Back in the turbulent South, Wyatt Outlaw, a town commissioner in Graham, North Carolina, was lynched by the Ku Klux Klan on February 26, 1870. Outlaw, who was the president of the Alamance County Union League of America (an anti Ku Klux Klan group), helped to establish the Republican party in North Carolina and advocated establishing a school for African Americans. The Klan hanged him from an oak tree near the Alamance County Courthouse. Dozens of Klansmen were arrested for the murders of Outlaw and other African Americans in Alamance and Caswell Counties. Many of the arrested men confessed, but, despite protests by Governor William W. Holden, a federal judge in Salisbury ordered them released.

 

Elizabethtown, New MexicoLater the same year, on the raw frontier of the West, gunfighter Clay Allison sat brooding about a locally convicted murder by the name of Charles Kennedy. While drinking in an Elizabethtown, New Mexico saloon on October 7th, he soon stirred up sentiment against Kennedy. In no time, he led a lynch mob across the street to the jail, where they dragged Kennedy screaming from his cell. He was then taken to a local slaughterhouse where he was hanged and his body was mutilated with huge knives used for butchering cattle. Allison cut the body down, and using an ax, chopped Kennedy's head off and jammed it onto a pole. Allison then rode his horse all the way to Cimarron where he put the head on display on the bar of Henry Lambert's saloon. Later, someone stuck it on the corral fence at the St. James Hotel where it remained for months and eventually mummified.

 

During this time, former slaves and free black men continued to be executed such as ten black men on October 19, 1870 in Clinton, South Carolina. In November four black men were lynched in Coosa County, Alabama; four were lynched in Noxubee County, Mississippi, and a federal revenue agent was hanged in White County, Georgia.

 

Lynchings continued in earnest in the South and the Old West over the next couple of years. In 1873, Klansman laid siege to the small town of Colfax, Louisiana, which was defended by black veterans of the Union army.  On Easter Sunday, April 13, armed with a small cannon, the whites overpowered the defenders and slaughtered 50 blacks and two whites after they had surrendered under a white flag.

 

Wild Bill Hickok

James Butler "Wild Bill" Hickok, State

Historical Society of Wisconsin

While hangings were taking place all over the South and the Wild West, one of the most famous was that of Jack "Broken Nose" McCall on March 1, 1877. Having gone to Deadwood, South Dakota in 1876, using the name of Bill Sutherland, he sat in on a poker game with Wild Bill Hickok. Losing all his money, Wild Bill generously gave him back enough to buy breakfast, but advised him not to play again until he could cover his losses. Humiliated, McCall shot Hickok in the back of the head the very next day. He left Deadwood after killing Hickok, but was later arrested in Laramie, Wyoming, brought back to Yankton and put on trial for Hickok's death. Found guilty, he was sentenced to hang. On March 1, 1877, he stood trembling on the scaffold, begging for someone to save him. He was buried in Yankton in an unmarked grave with the rope still around his neck.

 

James Miller, a 23-year-old man described as a "mulatto," was the first man to be sent to the gallows after Colorado  achieved statehood in 1876. Miller, a former soldier, was convicted of shooting and killing a man who had earlier forced him, at gunpoint, to leave a dance hall reserved for whites. When Miller was hanged in West Las Animas on February 2, 1877 the trap door would at first not open.

 

When it eventually fell, the trap door detached and came to rest on the ground. Miller dropped, but the hanging rope was too long, and Miller’s feet came to rest on the trap door below. The trap door was then removed, so that Miller could swing freely. He then strangled for 25 minutes before expiring. The local sheriff, reportedly distraught over the botched execution, resigned and left town.

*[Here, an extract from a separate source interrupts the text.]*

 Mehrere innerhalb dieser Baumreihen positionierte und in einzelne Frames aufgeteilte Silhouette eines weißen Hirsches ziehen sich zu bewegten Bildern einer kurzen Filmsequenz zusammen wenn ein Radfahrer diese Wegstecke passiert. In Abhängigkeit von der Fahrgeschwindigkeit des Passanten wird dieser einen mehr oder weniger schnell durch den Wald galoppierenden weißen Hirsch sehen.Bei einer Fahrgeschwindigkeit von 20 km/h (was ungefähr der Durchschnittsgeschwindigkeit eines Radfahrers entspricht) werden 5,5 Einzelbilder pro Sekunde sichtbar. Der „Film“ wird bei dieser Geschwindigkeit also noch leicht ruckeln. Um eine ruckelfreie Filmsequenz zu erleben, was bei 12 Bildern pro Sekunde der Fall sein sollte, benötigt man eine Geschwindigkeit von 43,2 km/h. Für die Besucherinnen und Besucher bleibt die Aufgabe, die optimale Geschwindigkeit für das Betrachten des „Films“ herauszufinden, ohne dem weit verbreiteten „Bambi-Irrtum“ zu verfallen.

Back in the East, in what has become known as "Pennsylvania's Day With the Rope," eleven "Molly Maguire" coal miners were hanged by the state for murder and conspiracy. Their real crime was attempting to organize the mine workers. On June 21, 1877, all of them were hanged for their "obstinacy."

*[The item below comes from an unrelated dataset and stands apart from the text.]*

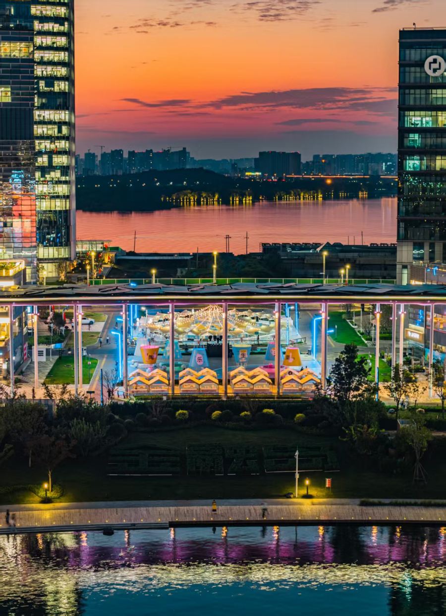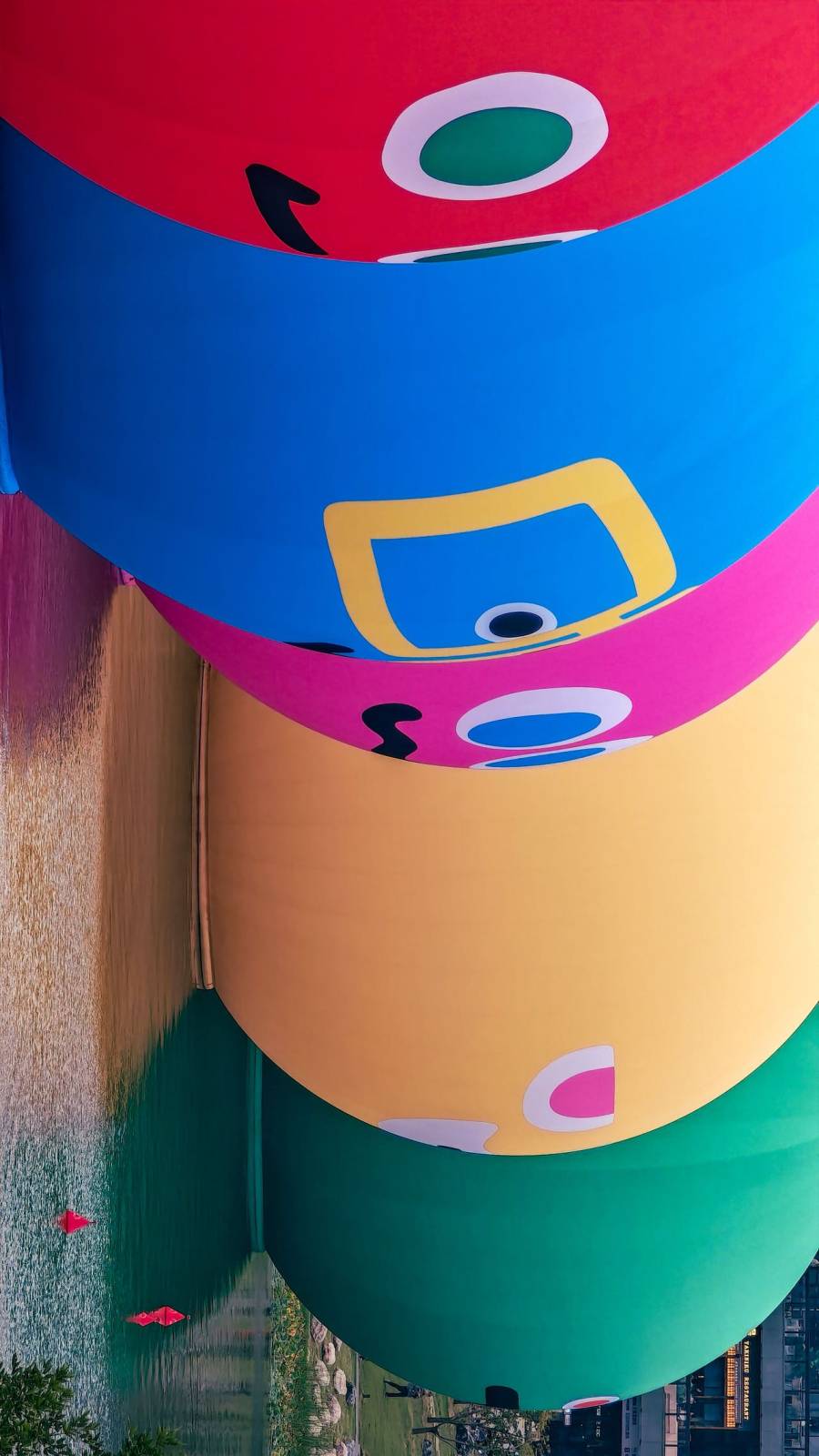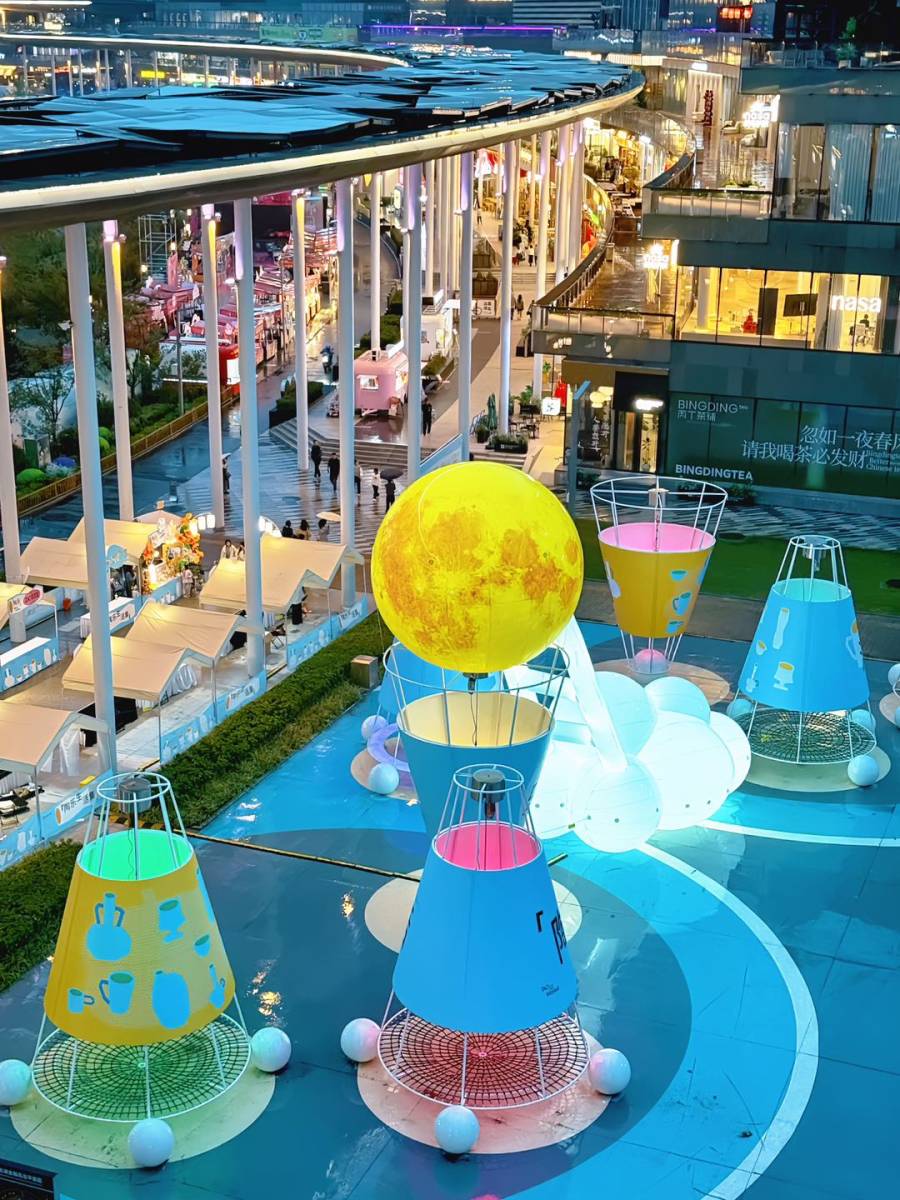 与此同时,五月天乐团25周年巡回演唱会的标志性艺术装置——“五球”,也首次亮相龙湖金融岛。由蓝、红、黄、绿、橙五色巨型球体组成的“五球”,象征着成年世界中依然保有的童心与幽默。此次落地,不仅为即将到来的五月天郑州演唱会预热,更成为岛上又一吸睛亮点。夜幕降临,“五球”灯光点亮,倒映湖中,与晚霞交相辉映,吸引全国歌迷前来拍照留念。在湖边迎着落日,与“五球”同框,成为这个假期里一份难得的惬意与浪漫。

The “ethnic cleansing” of Chinese from the American West was another dark chapter in our nation's history. Writes John Higham in Strangers in the Land, “No variety of anti-European sentiment has ever approached the violent extremes to which anti-Chinese agitation went in the 1870s and 1880s.” Many of the estimated 200 American lynchings victimizing people of Asian descent occurred during this time.

In 1880, many Chinese lived in Hop Alley, Denver, Colorado's Chinatown. In October of that year an anti-Chinese riot resulted in the lynching of a Chinese man and the injuring of many others. A mob of approximately 3000 people had gathered in Hop Alley, consisting of “illegal voters, Irishmen and some Negroes.” Only 8 Policemen were on duty at the outbreak of the riot. Firemen, brought in to disperse the crowd, hosed them with water but this only made them angrier. The mob began to destroy Chinese businesses, loot their homes, and injure many of them. According to the Rocky Mountain News, the Chinese quarter was “gutted as completely as though a cyclone had come in one door and passed out the rear. There was nothing left...whole.”

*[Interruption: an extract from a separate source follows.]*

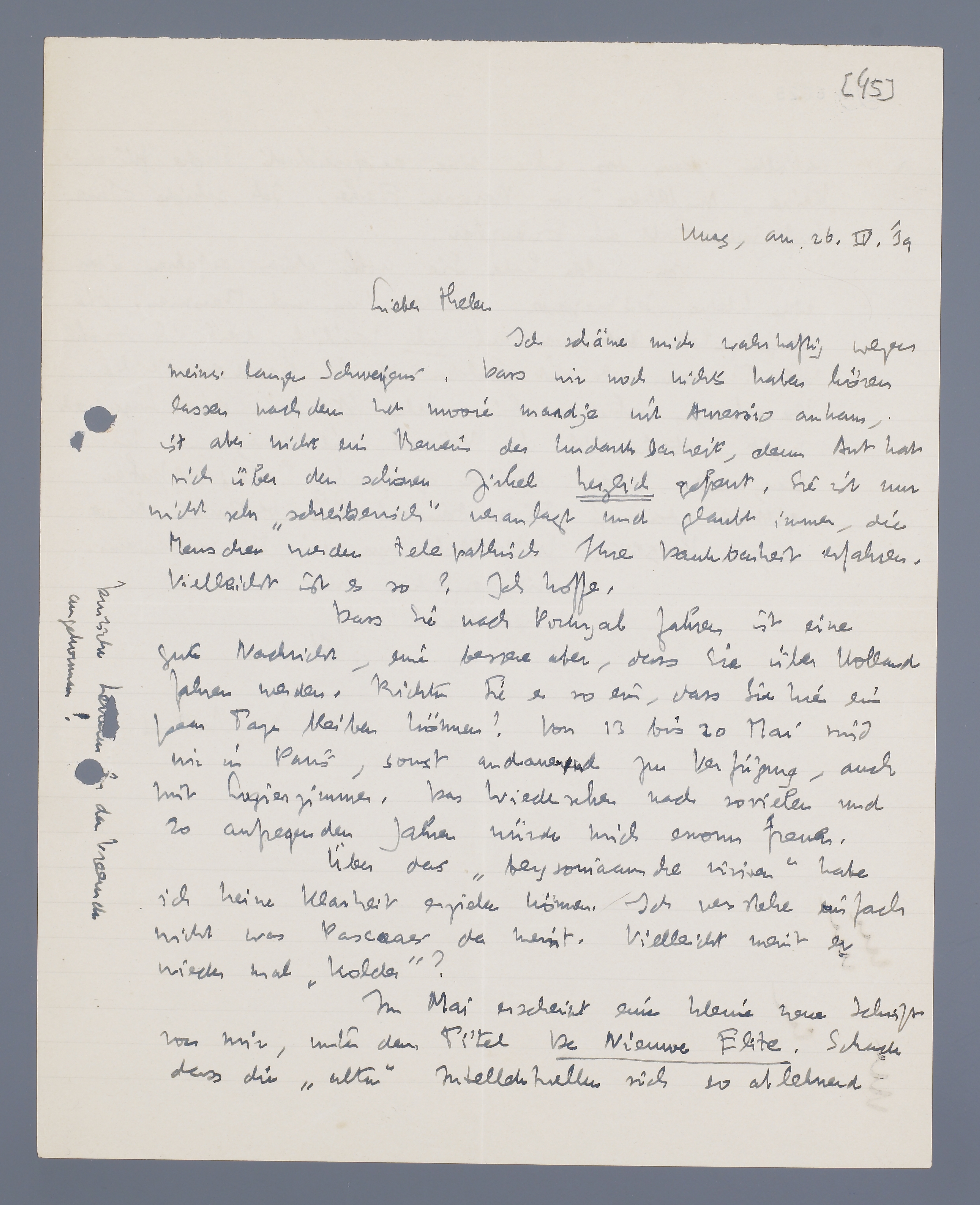 Im Mai erscheint eine kleine neue Schrift von mir, unter dem Titel De Nieuwe Elite. Schade dass die ‘alten’ Intellektuellen sich so ablehnend verhalten, denn das wäre eine ausgezeichnete Sache für die Reihe ‘Ausblicke’ von Bermannn Fischer. Ich schicke Ihnen auf jeden Fall ein Exemplar.

It is difficult to identify the youngest person legally executed in American history, but records indicate that a ten-year-old Cherokee Indian boy was hanged for murder in 1885.

On October 28, 1889, Katsu Goto was a merchant, interpreter and lynching victim. He spoke fluent English and was a contract laborer who took over a store in Hanokaa, Hawaii, a plantation village. His customers not only were Japanese, as he was, but also Hawaiian and Haole (white). White plantation owners disliked him, and his popularity with the community created competition with shopkeepers loyal to the white Protestant overseers.

Nine days before he was lynched, on October 19th, a fire broke out at the nearby Overend Camp and Goto and seven other workers were accused of arson. Though he never had a trial, Goto was ambushed and killed by four men. His body was found swinging from a telephone pole the next day. After a lengthy investigation, the perpetrators were arrested, tried, and sentenced to O'ahu Prison.

After a black rape suspect was forcibly taken from a county jail and lynched in front of a crowd of 9,000 people in Ohio, The Cleveland Leader published this editorial on June 19, 1897 that echoed the sentiments of many of the American people.

“The people of Ohio have seen murderers tried and convicted of murder in the 1st degree two or three times over and finally set free. They have known many desperate and dangerous criminals to be sent to the penitentiary for long terms and released soon enough to make the whole costly process of the courts seem little better than a farce . . . That is the real reason why, once in a while, the passion and indignation of the masses break through all restraints and some particularly wicked crime is avenged . . . ”

In 1891, a number of Italian Americans were accused and arrested for the murder of the local police chief. At the news of the not guilty verdict, hysteria took hold of a crowd of several thousand citizens, who stormed the jail where the former suspects were held. On March 14, 1891, eleven Italian Americans were dragged into the streets, beaten and hanged. “Public opinion around America generally endorsed the action of the mob, applauding the citizens’ efforts to stop the mafia. As a result, President Benjamin Harrison was the first resident to request a federal law against lynching later that year. The incident in New Orleans and the recurring violence against African-Americans was becoming an international human rights embarrassment.